* [RECORDED DATA]:

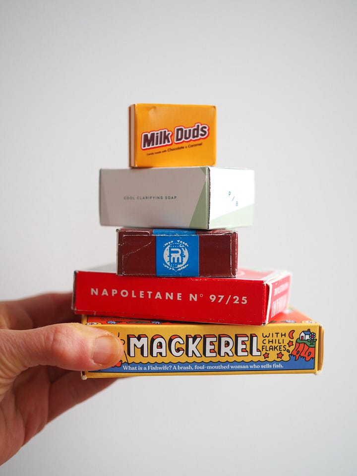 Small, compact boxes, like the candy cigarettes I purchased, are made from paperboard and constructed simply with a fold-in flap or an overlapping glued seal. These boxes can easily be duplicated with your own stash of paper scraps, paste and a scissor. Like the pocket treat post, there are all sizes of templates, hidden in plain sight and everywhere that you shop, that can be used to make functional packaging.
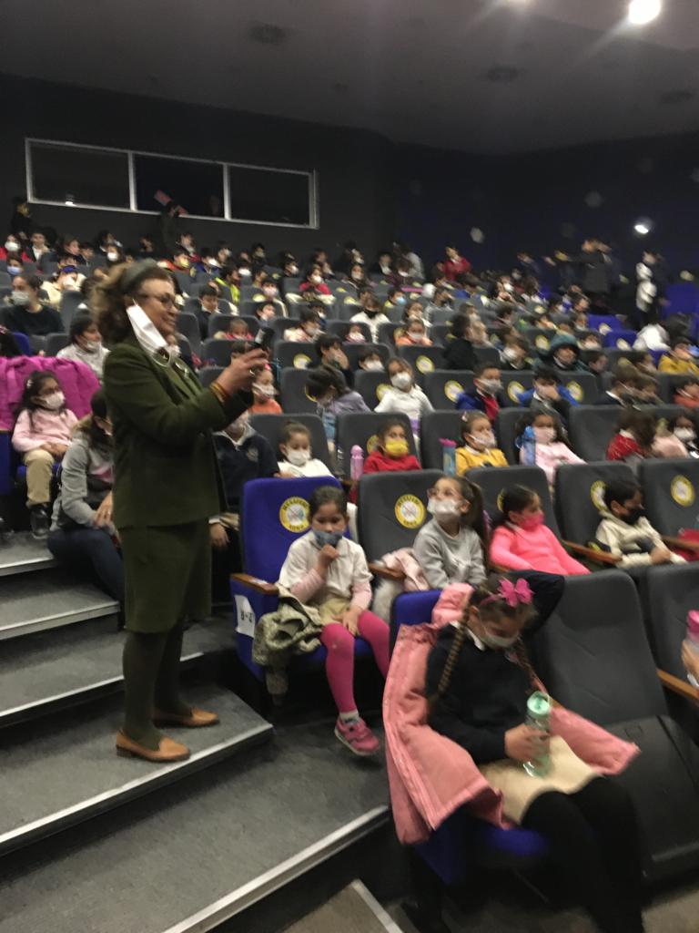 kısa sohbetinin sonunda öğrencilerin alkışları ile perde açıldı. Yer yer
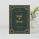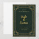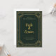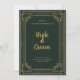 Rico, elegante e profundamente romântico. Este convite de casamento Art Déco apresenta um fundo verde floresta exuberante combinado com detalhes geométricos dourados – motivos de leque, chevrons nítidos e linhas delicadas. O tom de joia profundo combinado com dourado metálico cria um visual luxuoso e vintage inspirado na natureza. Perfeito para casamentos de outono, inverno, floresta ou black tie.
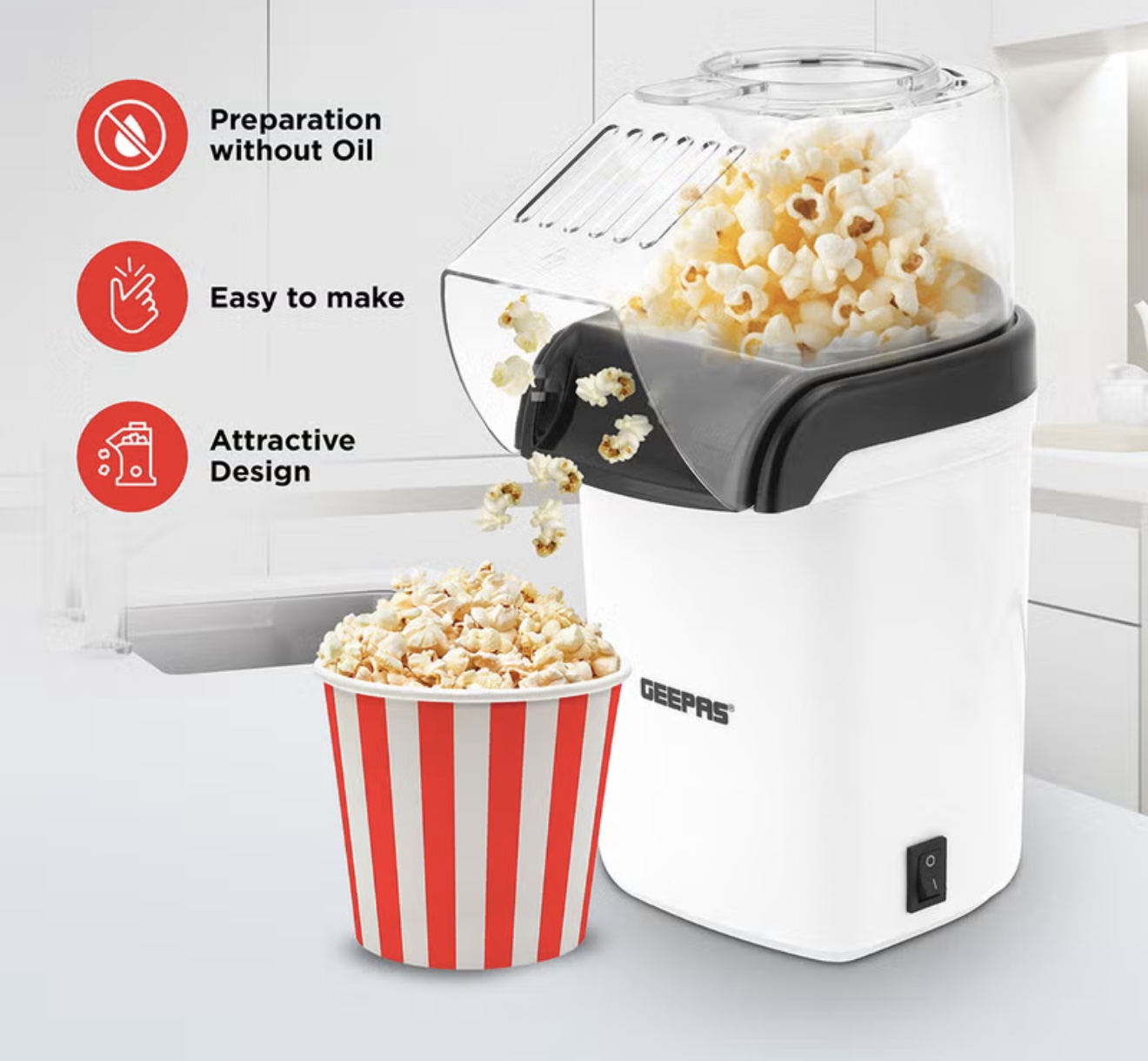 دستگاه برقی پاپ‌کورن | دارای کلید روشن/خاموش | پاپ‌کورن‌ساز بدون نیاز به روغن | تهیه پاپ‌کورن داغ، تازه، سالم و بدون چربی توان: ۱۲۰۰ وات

==

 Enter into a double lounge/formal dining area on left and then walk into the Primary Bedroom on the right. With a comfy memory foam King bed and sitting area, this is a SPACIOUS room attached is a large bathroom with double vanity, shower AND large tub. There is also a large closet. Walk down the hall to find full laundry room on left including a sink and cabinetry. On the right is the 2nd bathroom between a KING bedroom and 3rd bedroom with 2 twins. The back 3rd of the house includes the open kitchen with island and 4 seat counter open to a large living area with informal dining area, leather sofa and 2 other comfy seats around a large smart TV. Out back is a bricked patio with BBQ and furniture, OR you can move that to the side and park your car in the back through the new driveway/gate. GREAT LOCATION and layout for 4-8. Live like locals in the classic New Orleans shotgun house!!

--

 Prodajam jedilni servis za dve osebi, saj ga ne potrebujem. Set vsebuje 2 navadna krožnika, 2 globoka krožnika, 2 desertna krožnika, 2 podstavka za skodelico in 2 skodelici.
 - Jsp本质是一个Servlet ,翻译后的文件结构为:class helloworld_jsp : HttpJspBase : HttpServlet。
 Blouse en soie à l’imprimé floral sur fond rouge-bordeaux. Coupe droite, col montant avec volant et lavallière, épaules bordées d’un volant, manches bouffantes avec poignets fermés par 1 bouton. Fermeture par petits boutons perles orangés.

* [EXERCISE AIM]: Only the lines starting at the one with "kısa sohbetinin sonunda" and ending at the one with "دستگاه برقی پاپ‌کورن" should be printed, each exactly as it appears in the material above; the pictures are to be omitted.

* [WRITTEN ANSWER]:
 kısa sohbetinin sonunda öğrencilerin alkışları ile perde açıldı. Yer yer
 Rico, elegante e profundamente romântico. Este convite de casamento Art Déco apresenta um fundo verde floresta exuberante combinado com detalhes geométricos dourados – motivos de leque, chevrons nítidos e linhas delicadas. O tom de joia profundo combinado com dourado metálico cria um visual luxuoso e vintage inspirado na natureza. Perfeito para casamentos de outono, inverno, floresta ou black tie.
 دستگاه برقی پاپ‌کورن | دارای کلید روشن/خاموش | پاپ‌کورن‌ساز بدون نیاز به روغن | تهیه پاپ‌کورن داغ، تازه، سالم و بدون چربی توان: ۱۲۰۰ وات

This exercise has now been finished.